BEGIN

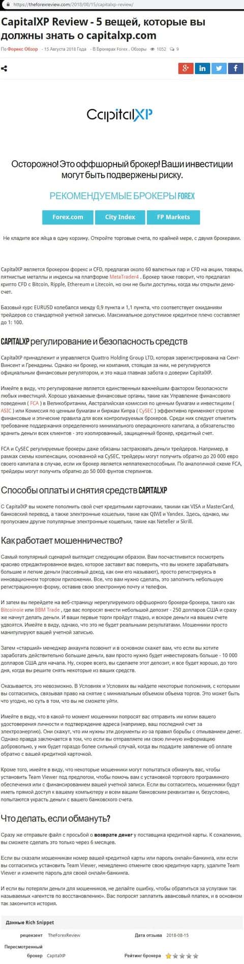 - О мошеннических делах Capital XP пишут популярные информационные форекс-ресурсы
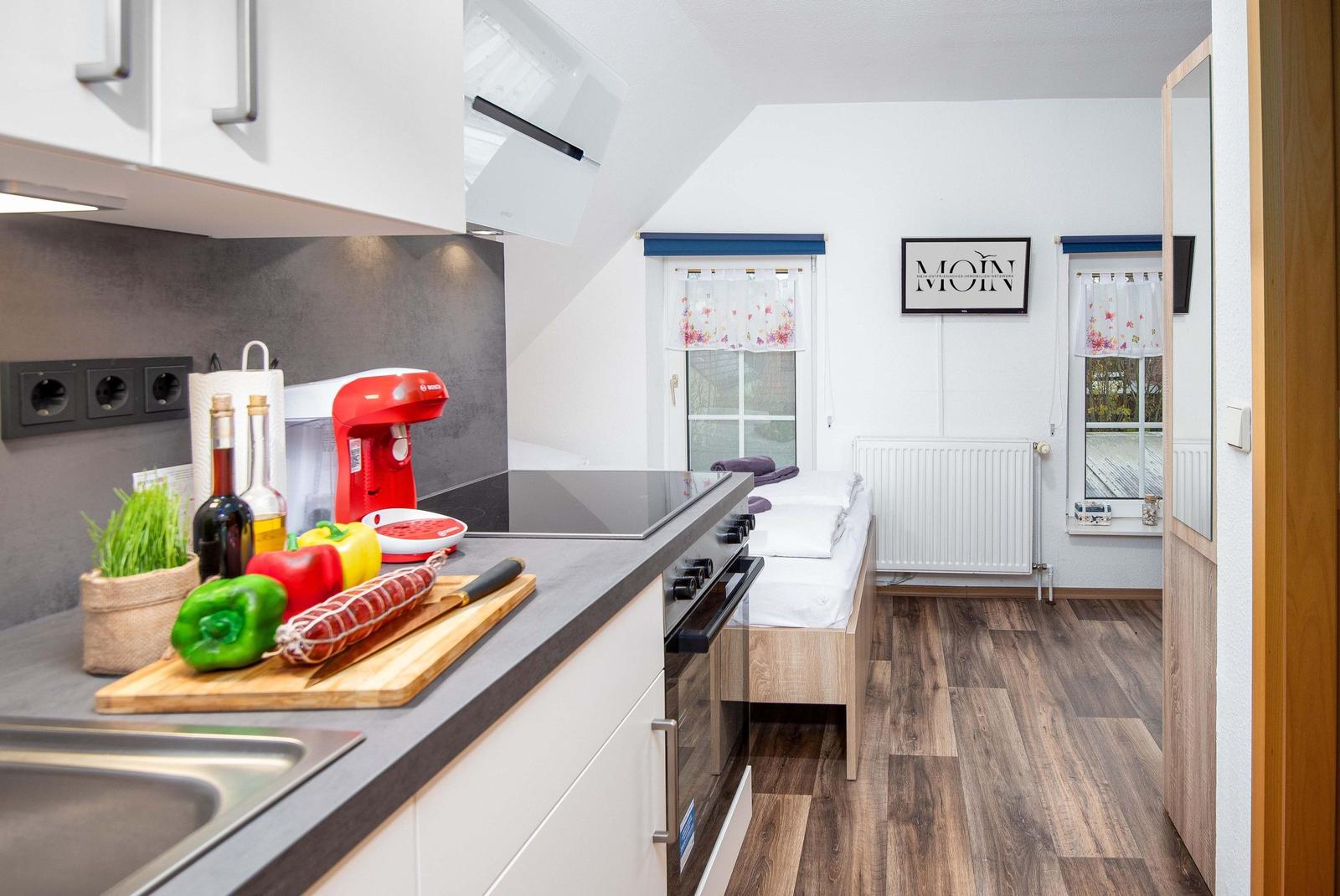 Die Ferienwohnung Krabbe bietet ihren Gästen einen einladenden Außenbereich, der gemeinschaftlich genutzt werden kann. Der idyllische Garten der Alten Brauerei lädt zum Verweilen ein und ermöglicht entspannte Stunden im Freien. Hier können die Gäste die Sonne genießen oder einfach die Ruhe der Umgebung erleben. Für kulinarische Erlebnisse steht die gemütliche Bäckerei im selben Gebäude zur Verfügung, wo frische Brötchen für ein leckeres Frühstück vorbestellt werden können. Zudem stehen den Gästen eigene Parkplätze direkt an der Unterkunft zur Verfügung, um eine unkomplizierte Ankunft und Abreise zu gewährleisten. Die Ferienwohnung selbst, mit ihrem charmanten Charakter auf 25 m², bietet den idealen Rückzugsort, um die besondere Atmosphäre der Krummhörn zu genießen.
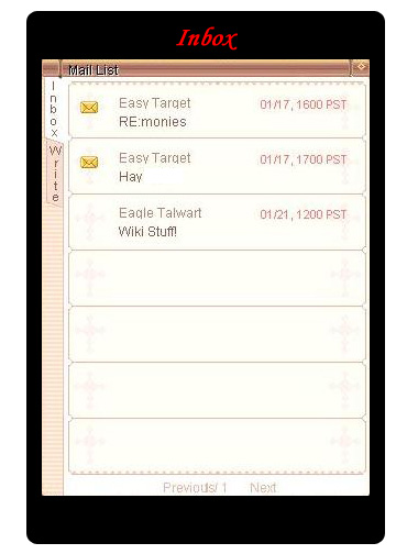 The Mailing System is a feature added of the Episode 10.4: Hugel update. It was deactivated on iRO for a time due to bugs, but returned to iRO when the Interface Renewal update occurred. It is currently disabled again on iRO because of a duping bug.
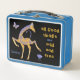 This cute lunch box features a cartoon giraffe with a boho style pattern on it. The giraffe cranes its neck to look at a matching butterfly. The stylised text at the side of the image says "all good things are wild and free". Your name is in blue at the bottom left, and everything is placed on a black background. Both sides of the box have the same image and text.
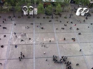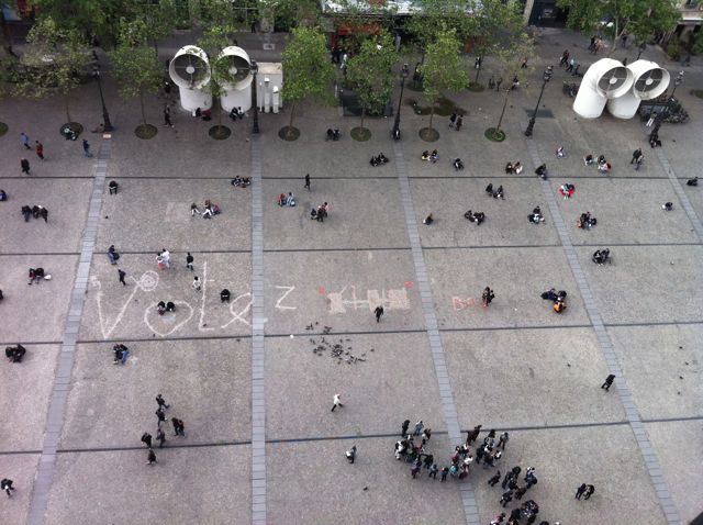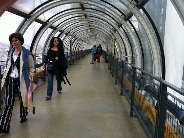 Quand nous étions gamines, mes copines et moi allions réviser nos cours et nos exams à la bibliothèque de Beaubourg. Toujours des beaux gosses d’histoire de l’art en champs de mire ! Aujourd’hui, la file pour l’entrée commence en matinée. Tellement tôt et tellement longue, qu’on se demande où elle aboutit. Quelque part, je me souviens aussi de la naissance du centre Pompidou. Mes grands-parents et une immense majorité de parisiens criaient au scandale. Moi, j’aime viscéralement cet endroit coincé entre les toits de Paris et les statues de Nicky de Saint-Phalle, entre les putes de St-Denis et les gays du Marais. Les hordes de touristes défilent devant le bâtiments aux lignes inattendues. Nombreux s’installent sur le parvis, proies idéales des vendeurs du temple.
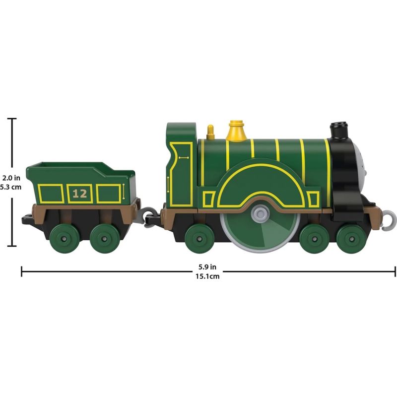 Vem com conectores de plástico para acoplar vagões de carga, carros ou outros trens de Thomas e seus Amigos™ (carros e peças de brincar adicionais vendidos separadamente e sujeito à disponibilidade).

END

> _WORK ORDER_:
Transcribe, word for word, only the material from its opening line through the line containing "Die Ferienwohnung Krabbe", both ends included, and omit the pictures.

> _ANSWER BOX_:
 - О мошеннических делах Capital XP пишут популярные информационные форекс-ресурсы
 Die Ferienwohnung Krabbe bietet ihren Gästen einen einladenden Außenbereich, der gemeinschaftlich genutzt werden kann. Der idyllische Garten der Alten Brauerei lädt zum Verweilen ein und ermöglicht entspannte Stunden im Freien. Hier können die Gäste die Sonne genießen oder einfach die Ruhe der Umgebung erleben. Für kulinarische Erlebnisse steht die gemütliche Bäckerei im selben Gebäude zur Verfügung, wo frische Brötchen für ein leckeres Frühstück vorbestellt werden können. Zudem stehen den Gästen eigene Parkplätze direkt an der Unterkunft zur Verfügung, um eine unkomplizierte Ankunft und Abreise zu gewährleisten. Die Ferienwohnung selbst, mit ihrem charmanten Charakter auf 25 m², bietet den idealen Rückzugsort, um die besondere Atmosphäre der Krummhörn zu genießen.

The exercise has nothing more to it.